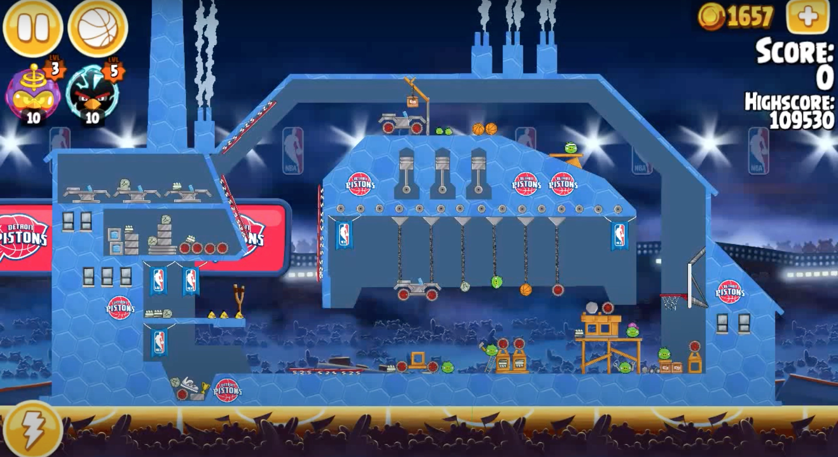 Launch the first Chuck to the TNT to the vehicle can destroy part of the level. Then, Launch the 2nd Chuck to he can destroy all of the chains and you should get 110,000 points.
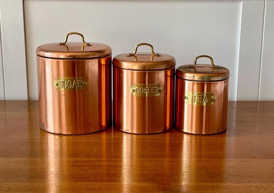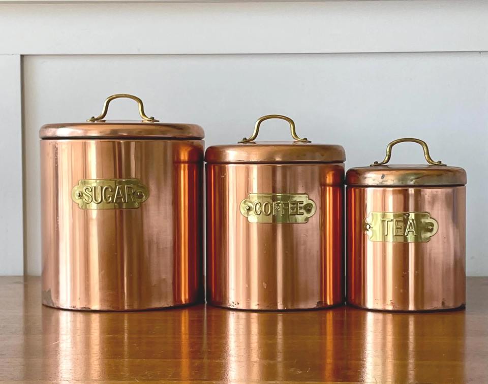 Copper Tea Coffee Sugar Container For Kitchen Storage Daily Utility Use Easy Access Everyday Cooking And Beverage Preparations
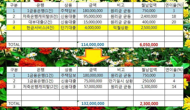 아래 노란색포인트 현금서비스 단기대출 400만원에서 250만원은 익월 일부상환해야함.
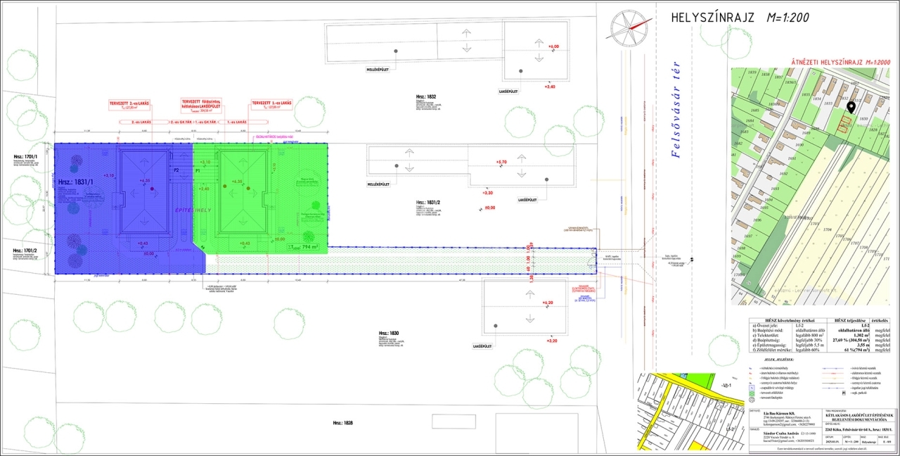 Az első házhoz 470 m²-es, míg a hátsó házhoz egy 560 m²-es, kizárólagos használatú, lekerített telekrész tartozik.
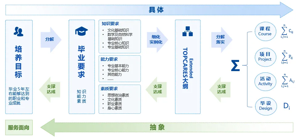 从“培养目标”到“毕业要求”,再到“课程目标”,是一个逐渐具体、细化、实例化的过程,将球盟会(中国)TOPCARES人才培养能力指标体系分解落实到每门课程、每个项目、每个活动、以及毕业设计中。
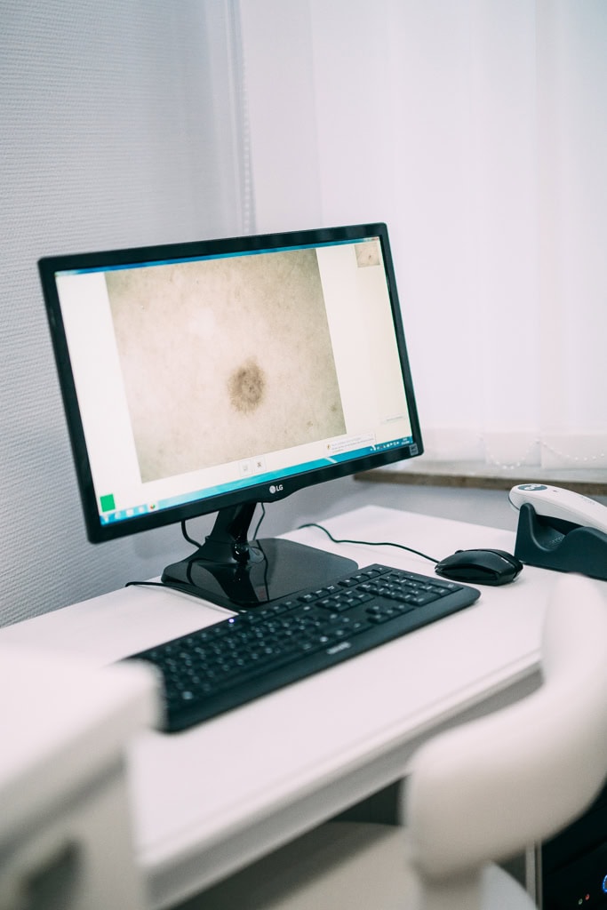 - Videogestützte auflichtmikroskopische Untersuchung: Eine erfahrene Hautärztin oder ein Hautarzt inspiziert die gesamte Hautoberfläche mit einem speziellen Dermatoskop. Dieses vergrößert und beleuchtet verdächtige Hautareale, um Pigmentveränderungen besser beurteilen zu können.

- Activity -
When you repeat the records, reproduce each line exactly and drop the images.

- Answer to the problem -
 Launch the first Chuck to the TNT to the vehicle can destroy part of the level. Then, Launch the 2nd Chuck to he can destroy all of the chains and you should get 110,000 points.
 Copper Tea Coffee Sugar Container For Kitchen Storage Daily Utility Use Easy Access Everyday Cooking And Beverage Preparations
 아래 노란색포인트 현금서비스 단기대출 400만원에서 250만원은 익월 일부상환해야함.
 Az első házhoz 470 m²-es, míg a hátsó házhoz egy 560 m²-es, kizárólagos használatú, lekerített telekrész tartozik.
 从“培养目标”到“毕业要求”,再到“课程目标”,是一个逐渐具体、细化、实例化的过程,将球盟会(中国)TOPCARES人才培养能力指标体系分解落实到每门课程、每个项目、每个活动、以及毕业设计中。
 - Videogestützte auflichtmikroskopische Untersuchung: Eine erfahrene Hautärztin oder ein Hautarzt inspiziert die gesamte Hautoberfläche mit einem speziellen Dermatoskop. Dieses vergrößert und beleuchtet verdächtige Hautareale, um Pigmentveränderungen besser beurteilen zu können.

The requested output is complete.